Before we begin, notice:
Multitiered client-server architectures are a direct consequence of dividing applications into a user-interface, processing components, and a data level.
obviously, but...
The different tiers correspond directly with the logical organization of applications. In many business environments, distributed processing is equivalent to organizing a client-server application as a multitiered architecture. We refer to this type of distribution as vertical distribution. The characteristic feature of vertical distribution is that it is achieved by placing logically different components on different
machines.
but
The term is related to the concept of vertical fragmentation as used in
distributed relational databases, where it means that tables are split column-wise,
and subsequently distributed across multiple machines (Oszu and Valduriez,
1999)
don't forget, that
Decentralized architectures are not the exclusive prerogative of big business. Although they may be more common in large companies due to the advantages they offer in terms of scalability and flexibility, they can also be useful for small and medium-sized businesses, especially for companies that need rapid development, adaptability, and the ability to use modern technology. The choice of architecture depends on the specific needs of the business, its size, budget, team experience, and other factors.
notice, that
Two types of overlay networks exist: those that are structured and those that are
not.
Characteristic | Unstructured network | Structured network |
---|---|---|
Topology | Random / Randomized | Organized (e.g. based on DHT) |
Search | Sending out requests via the network (flood) | Uses a distributed hash table (DHT) for direct search |
Efficiency | Low (slow search) | High (quick search) |
Scalability | Limited | High |
Complexity | Easy to implement | Difficult to implement |
Stability | High (node failures are not critical) | May be lower (depends on DHT) |
Examples | Gnutella, Kazaa | Chord, Pastry, Kademlia |
Unstructured networks: Easy to set up, but slow to find information. Suitable for small networks.

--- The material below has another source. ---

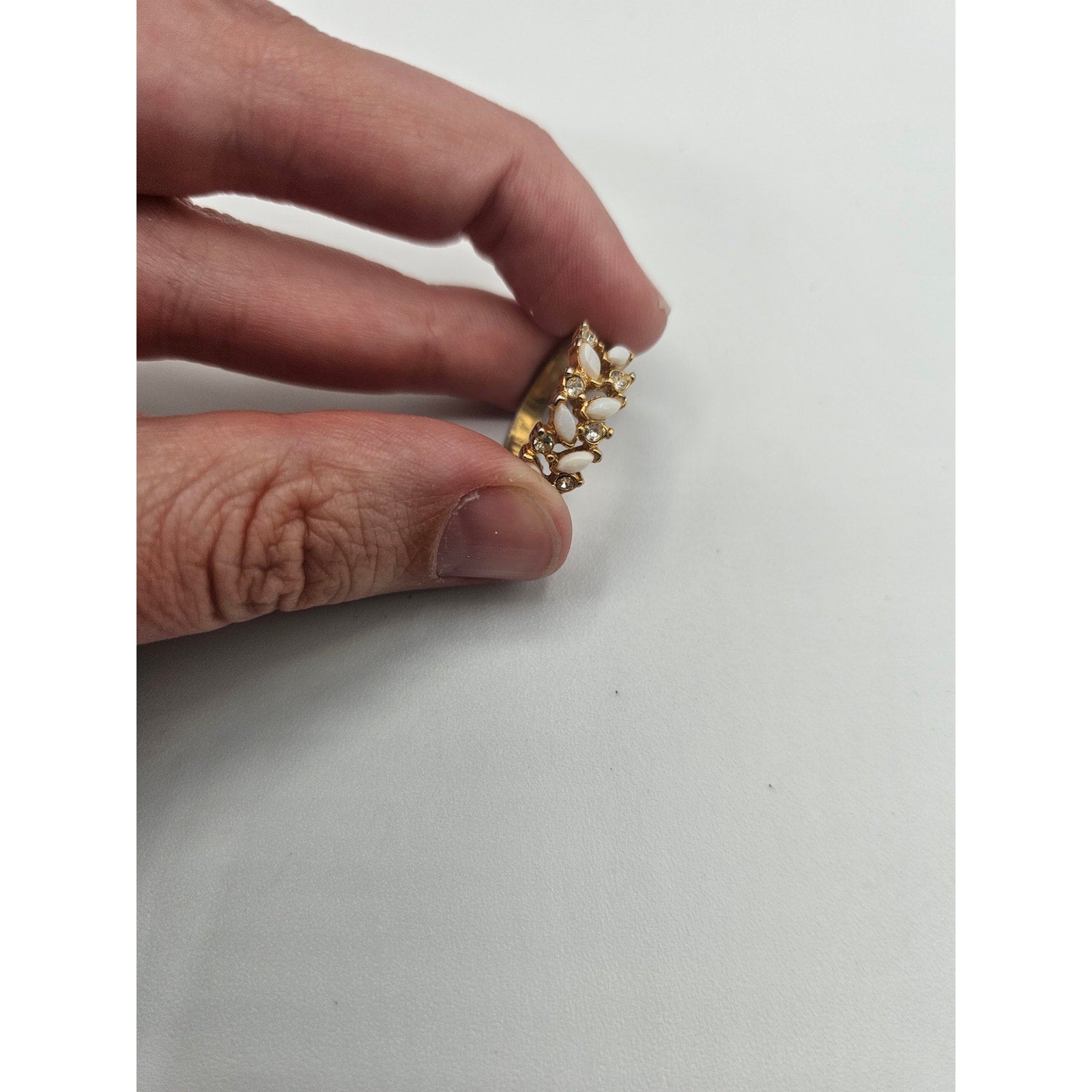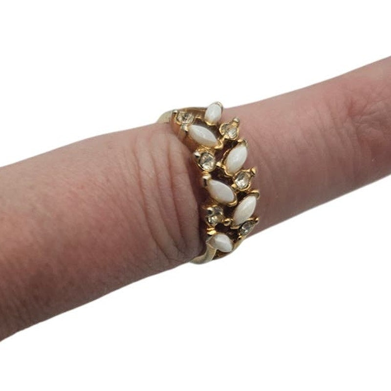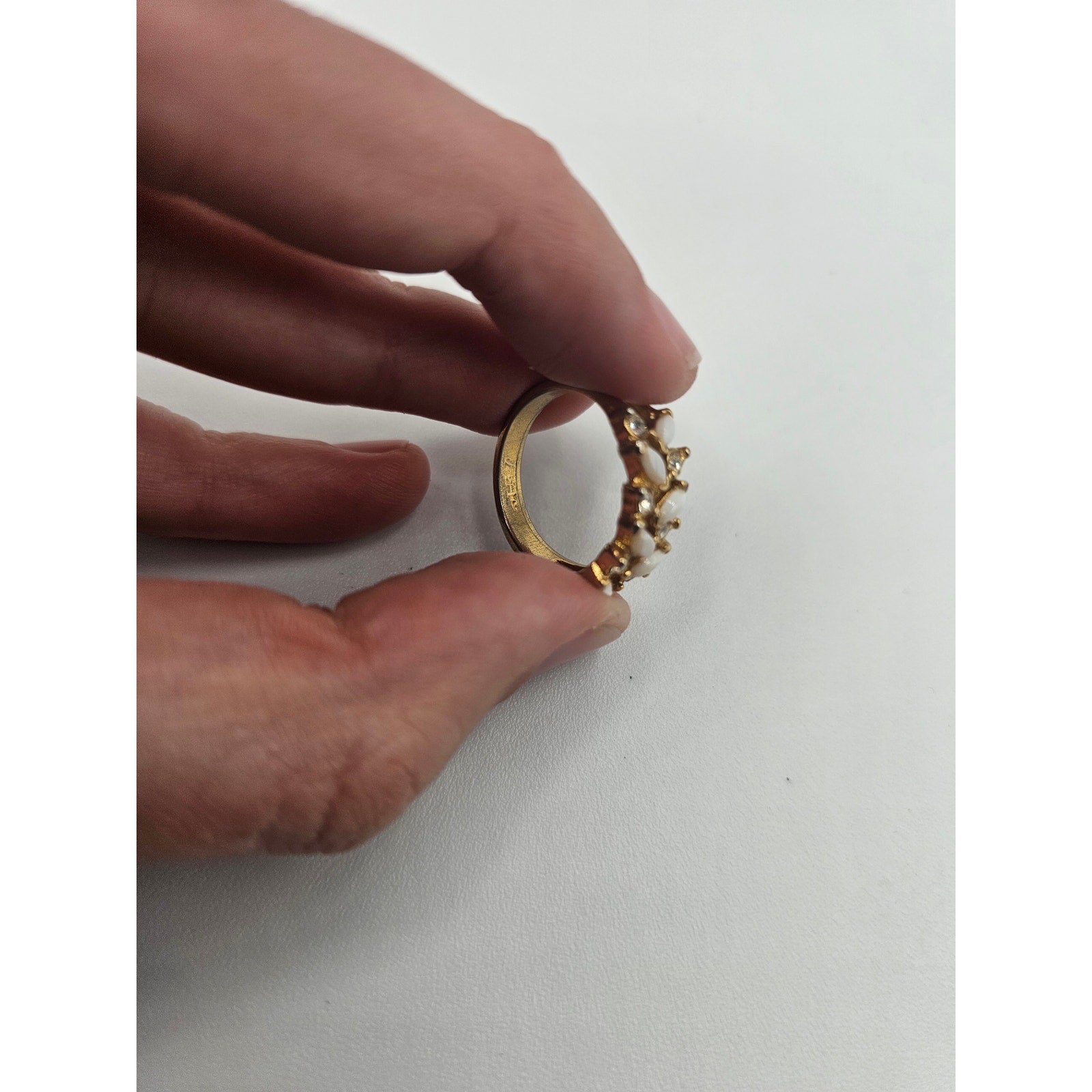 Vintage 1970s Womens Sz 5 Gold Tone Ring Pearl and Crystal Stones
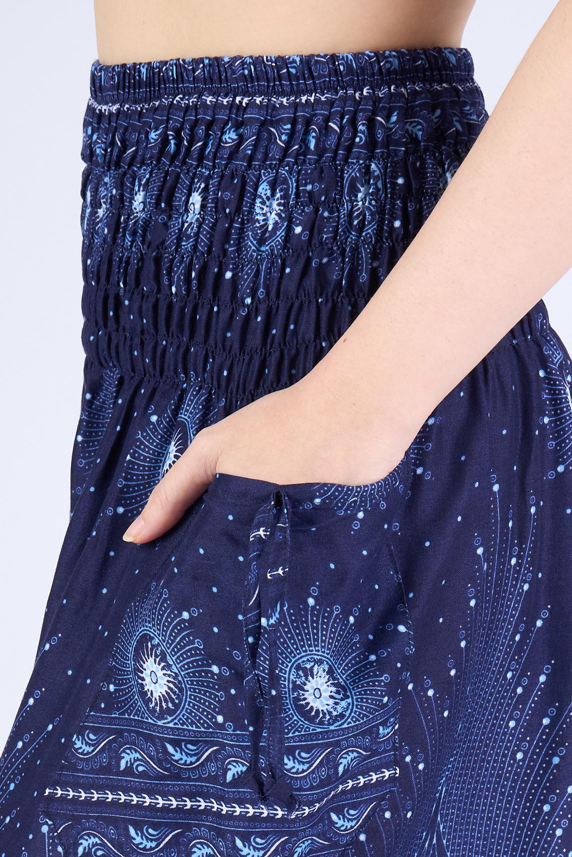 Blue Harem Pants for Women – embrace effortless comfort and timeless boho style. Made from soft, breathable, and lightweight rayon fabric, these pants keep you cool and relaxed from morning to night. The smocked elastic waist provides a flattering, flexible fit, while two practical side pockets add convenience for your everyday adventures. Gently elastic ankles complete the flowy boho silhouette, perfect for easy movement and graceful style.

Structured networks: More complex, but provides faster search and better scalability. Ideal for large networks.
An Overlay Network
is a virtual network built on top of an existing network (for example, the Internet). It logically "overlaps" with the underlying network, using its infrastructure for data transmission. Nodes in the overlay network (computers, devices) communicate with each other using protocols other than those of the underlying network. The main purpose of overlay networks is to provide additional services, functions, or improvements to the existing capabilities of the underlying network, without the need to change its infrastructure.
Underlay Network (Basic Network)
The physical infrastructure (cables, routers, providers) that provides connectivity. The basis on which the overlay is built.
**"e” and “e1, e2, e3, e4": These labels probably represent various elements (e.g. devices, connections, nodes) illustrating the relationship between the overlay and the underlying network. They show the correspondence between the overlay's logical connections and the underlying network's physical connections.
In a structured peer-to-peer architecture, the overlay network is constructed
using a deterministic procedure. By far the most-used procedure is to organize the
processes through a distributed hash table (DHT).
The image shows a visualization of the Chord Distributed Hash table (DHT). This is an illustration of a structured overlay network. Here's what it shows:
- Circle: Represents a logical ring in which network nodes are located.
- Nodes: Each point on the circle represents a node of the network. Shaded nodes are "active nodes" (Actual node). Unpainted ones are potential nodes.
- Node labels: Each node is assigned a unique identifier (from 0 to 15). These identifiers are used to determine the location of the data.
- Associated Data Keys: Each active node has a range of data keys stored on that node. For example, node 12 stores data with keys 8, 9, 10, 11, and 12. This shows how the data is distributed between the nodes. In the Chord network, data with the key "k" is stored on the first node, which follows the "k" clockwise. That is, if we are looking for data with key 9, we will find it on node 12.
DHT is characterized by the following properties:
Decentralization: a form of a system of collective nodes without coordination;
Scalability: the system will function equally efficiently with thousands or millions of nodes.;
Fault tolerance: The system will be equally reliable (in a sense) even if nodes are constantly connecting, disconnecting, or giving errors.
DHT Chord (Chord Distributed Hash Table) is a specific implementation of a distributed hash table (DHT) used in computer networks for organizing and storing data. DHT allows you to distribute information across multiple nodes in a network, providing efficient search and access to data.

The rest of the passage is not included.